Когда прошло восемь из десяти лет обета, он, пребывая в один из мартовских дней в молитве, увидел в пустынной своей землянке двух ангелов, возвестивших о ниспосланном ему великом даре прорицания будущего. Возблагодарил Господа и ещё истовее стал стучаться лбом об пол: знал, что срок обета ещё не вышел, ангелы ангелами, а старческое благословение терять нельзя. Велика награда – прорицать, но знал, что должно открыться и нечто большее, о чём и дерзнуть помыслить до срока не смел. А пока упорствовал в молитве и исподволь испытывал на зуб время.
Начинал с того, что как будто несколько раз проживал одну и ту же минуту – минута уже минула, а он снова и снова плыл по ней. Потом стал пробовать проживать не прошедшую, а ещё не наступившую, будущую минуту. В отрочестве, на первой дедовской учёбе, это уже у него получалось, тогда, правда, всё давалось ему просто: сердце было чистенькое, душа лёгкая, а теперь, даже после ангелов, приходилось брать терпением и усердием, благо времени на усердие ему отмеряли. Сначала вновь открывшаяся способность его забавляла, дождь ли он угадывал к вечеру, весточку ли упреждал, гостю заранее лучку покрошить в тюрю на постном масле… но очень быстро забава превратилась в очевидность: как просто глазами смотреть на дорогу впереди себя, идущего, отмечая повороты, препятствия, грязь или переползающего тропу ужа, так же просто другим оком до мелочей видеть бегущие впереди тебя минуты, уже наполненные событиями, бедами и радостями, только ещё собирающимися в этих грядущих минутах осуществиться… Постепенно, по мере всё более отчаянного погружения в молитву, минуты удлинялись, превращались в часы, в дни, месяцы. Смотреть далеко бывало непросто, потайное око уставало, как и обычные глаза, от долгого вглядывания вдаль, поэтому без нужды его не мозолил; но случалось иногда особенное, восторженное прозрение, когда время становилось настолько ясным и прозрачным, чисто сентябрьский день, в обе стороны различимы были даже мелкие блохи на обоих горизонтах, и за горизонтами прошлое как бы смыкалось с будущим и, как таковое, оно, время, исчезало, и всё, всё, что когда-либо было и будет, происходило в сию секунду, только выбери, что бы ты хотел рассмотреть.
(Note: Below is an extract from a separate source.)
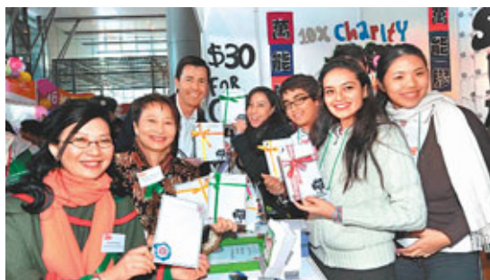
教育局候任常任秘書長謝潔潔(左二)、匯豐銀行香港區總裁馬凱博(左三)及國際成就計劃香港部行政總裁劉少坤(左一)到學生公司購物。

香港文匯報訊「學生營商體驗計劃」是全港最大的青年企業教育課程，今年參與學生的人數更創新高。昨天超過1,800個高中學生成立了75間學生公司，在一年一度於中環匯豐總行大廈地面廣場舉行的展銷會上，推售過百款創意產品，盡展企業精神、團隊合作及領袖才能。

И тогда становилось ему страшно. Не столько потому, что неделю после прозревания безвременья лежал пустой и бессильный (покойник живее); и не потому, что за неделю до этого нападали бесы – не иначе чуяли приближение ясного мига и, дармоеды, слеподыры, чужим оком норовили заглянуть в ещё не наступившее, чтобы уже наперёд расставить в нём свои рогатки: искушали, блазнили, стращали и грозились; а потому, что в следующий после всеохватности миг, светлый и до пылинки понятный, мир выворачивался изнанкой, и открывалась вдруг на его месте чёрная ледяная бездна – человеческого не хватало её одолеть; наверное, думал он, от неё и убегают в смерть самоубийцы, человеческая смерть – любая! – добрее и понятней, теплее одного лишь прикосновения к жуткой прорве. Даже чертей, недавних храбрецов, не видно было по её стылым окраям, они, как и весь тварный мир, жались с этой стороны, и виделись уже, серые, на фоне абсолютной черноты, чуть ли не роднёй – мерзкой и проклятой, но сотворённой и сущей.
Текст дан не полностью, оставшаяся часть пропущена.